Мне кажется (расе* [Да позволит (лат.).] Бальтазар), Жюстин просто начала мало-помалу открывать для себя нечто спрятанное глубоко в душе этого одинокого, милого, много страдавшего человека: а именно ревность, тем более опасную, что доселе она не находила себе выхода. И иногда... но мне бы не хотелось обнародовать некоторые из тех тайн, что поведала мне Жюстин за время нашего с ней так называемого романа, который так больно ранил меня и во время которого, как я понял теперь, она лишь использовала меня в качестве прикрытия для совсем иной деятельности. Я уже писал об этом; если же я стану излагать все, что она говорила о Нессиме ее же словами, возникнет опасность, primo* [Во-первых (лат.).], углубиться в материи, которые читателю будут решительно неприятны, да к тому же и по отношению к Нессиму это было бы нечестно. Secundo* [Во-вторых (лат.).], я более не уверен в – пусть даже относительной – истинности этих сведений, в том, что они не являются частью хорошо обдуманного замысла. Во мне теперь даже сами тогдашние чувства ("важные уроки" и т. д.) окрашены в единый цвет сомнения: Бальтазаров Комментарий сделал свое дело. "Истина есть источник противоречий..." Господи, какой все это фарс!

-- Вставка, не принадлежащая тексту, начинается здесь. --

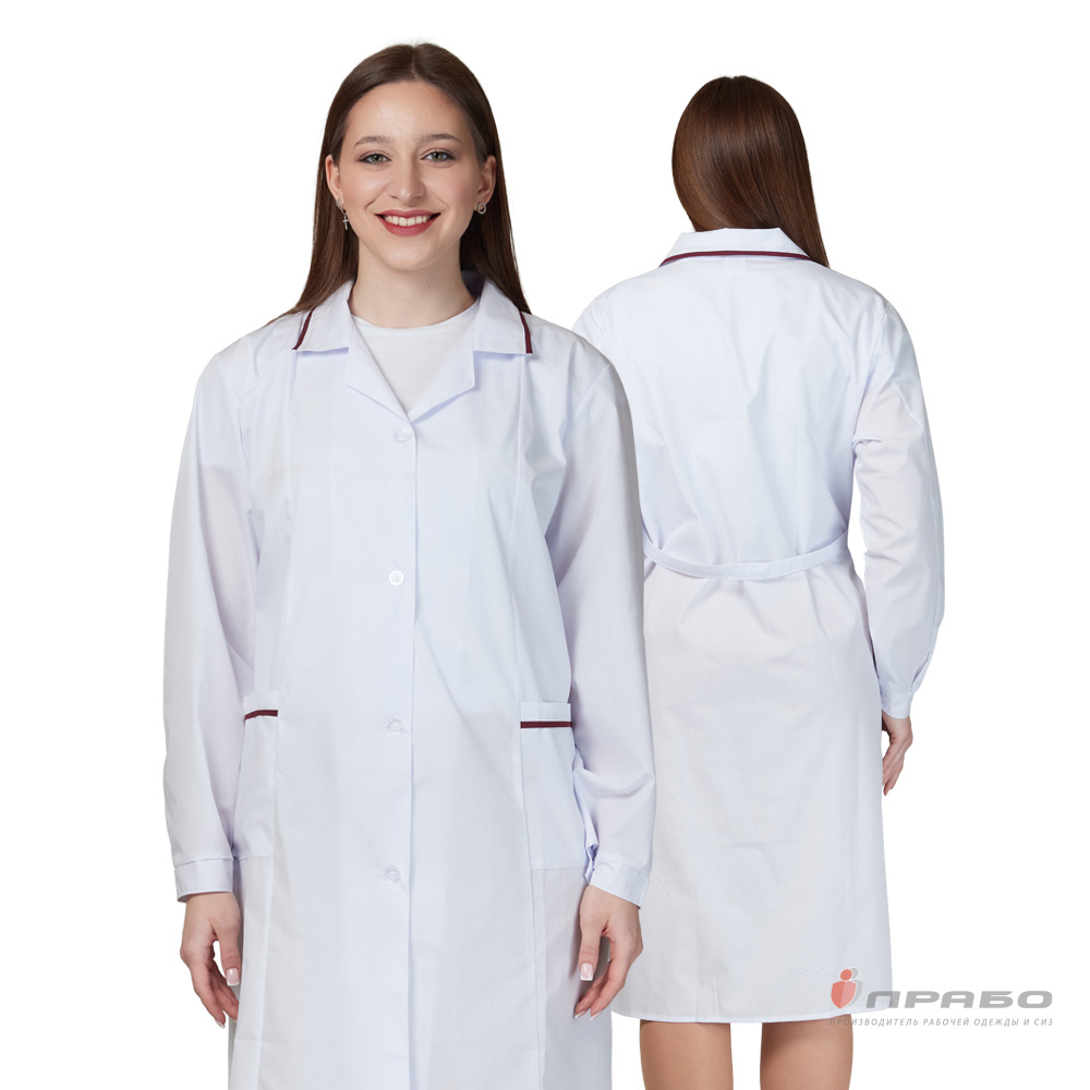 Халат женский (ТиСи) белый с отделкой бордо
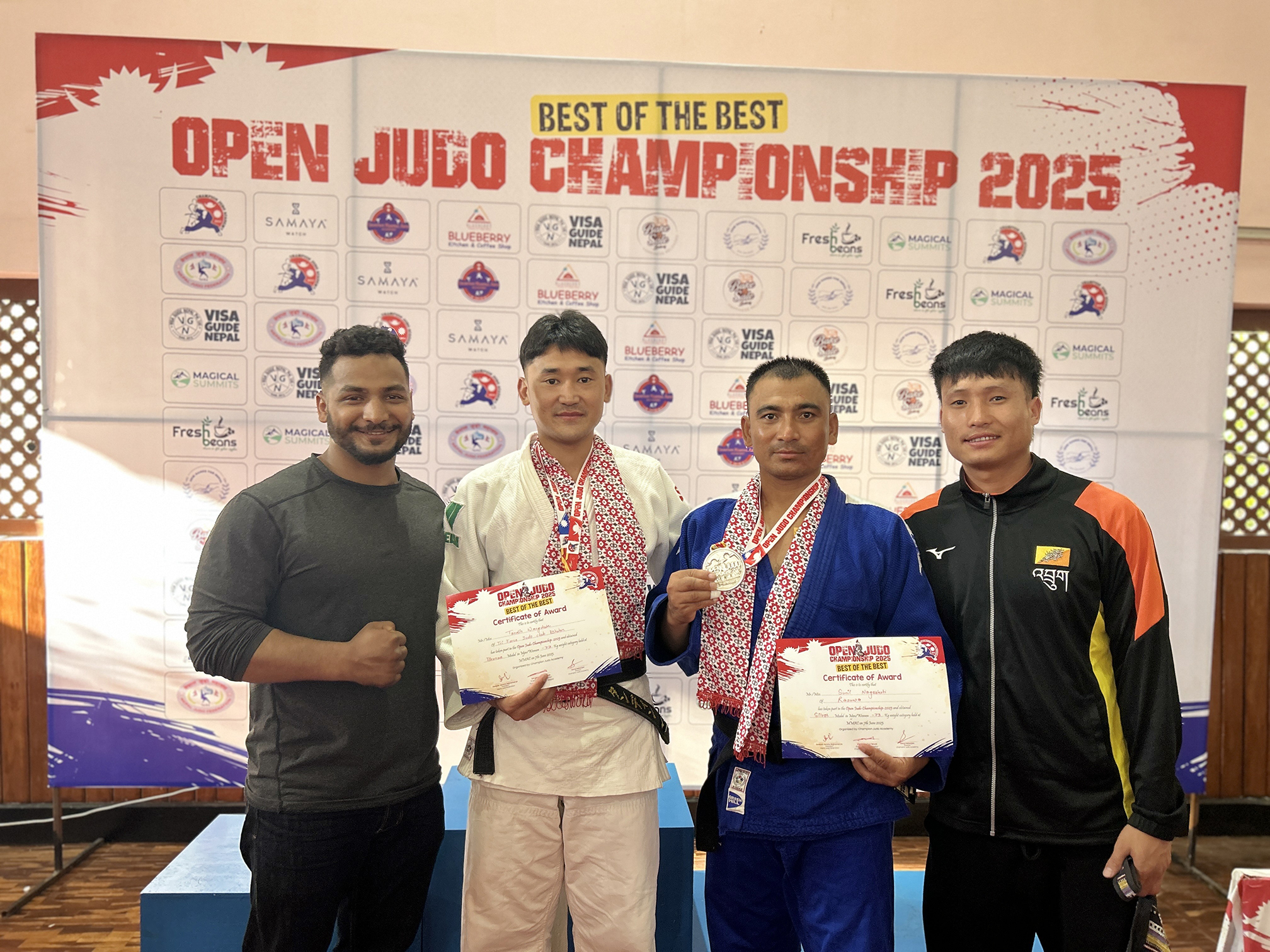 タンディン氏は、ブータンオリンピック委員会のエリート選手育成プログラム「BEAST」からの引退後、若手育成に尽力。現在は同級生と共に「Tri Force Judo Club」を運営し、未来の柔道家たちの育成環境づくりに取り組んでいます。それでも今回は、自らの限界に挑み、国際的な柔道の潮流を肌で感じるため、ネパール遠征を決意。10kgの減量と、32時間におよぶ陸路移動という過酷な準備を乗り越え、旧友であるガワン・ナムゲル氏、キンレイ・ツェリン氏、ビカシュ・タマン氏らともに、技術と戦術を徹底的に磨き上げました。
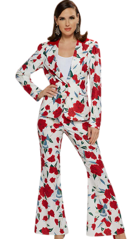 Introducing the Love the Queen 17462 Set, a stunning ensemble that exudes both elegance and contemporary style. This bespoke two-piece set is designed with a bold floral print pattern, showcasing vibrant red roses on a crisp white background, making it an ideal choice for those who wish to make a statement with their wardrobe.
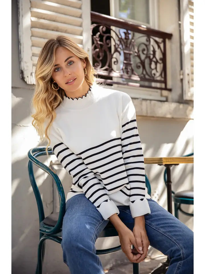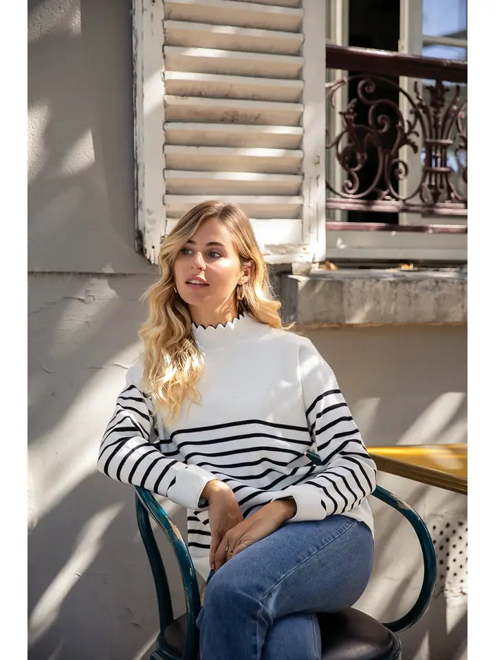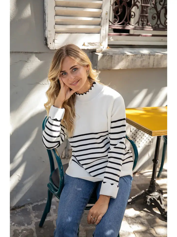 Vitblå tröja, Hög krage, Scallopdetaljer på kragen och ärmsluten.
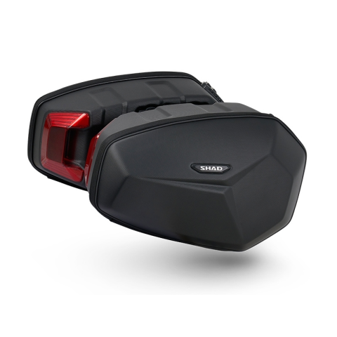 Az E48SR oldaltáskák zárrendszerrel és kulcsokkal rendelkeznek az SR illesztéshez, amely lehetővé teszi a fő rekesz kombinációs zárral történő lezárását. Az SR oldaltáska tartó rendszer tökéletes esztétikai integrációt kínál a motorkerékpárhoz, és erős és könnyű illeszkedést biztosít poliamidból és üvegszálas anyagból készült. Minden táska 15 literes kapacitással rendelkezik, könnyen szállítható a piros hangsúlyos darabnak köszönhetően, amelybe

Однако то, что он пишет о Нессимовой ревности, правда, ибо я сам долго жил в ее тени, да и, глядя на Жюстин тогда, сомневаться в существовании оной не приходилось. Едва ли не с самого начала она поняла: за нею следят, она под наблюдением, и это обстоятельство, конечно же, не прибавило ей уверенности в себе; неуверенность же становилась еще страшнее оттого, что Нессим никак своей ревности не обнаруживал. Невидимая тяжесть висела над ее головой – постоянно, назойливо, меняя смысл самых что ни на есть обыденных фраз, невиннейших послеобеденных прогулок. Он сидел против нее за столом, между высокими свечами, и улыбался ласково, а в голове у него прокручивался раз за разом, гулко отдаваясь в ушах, протокол допроса.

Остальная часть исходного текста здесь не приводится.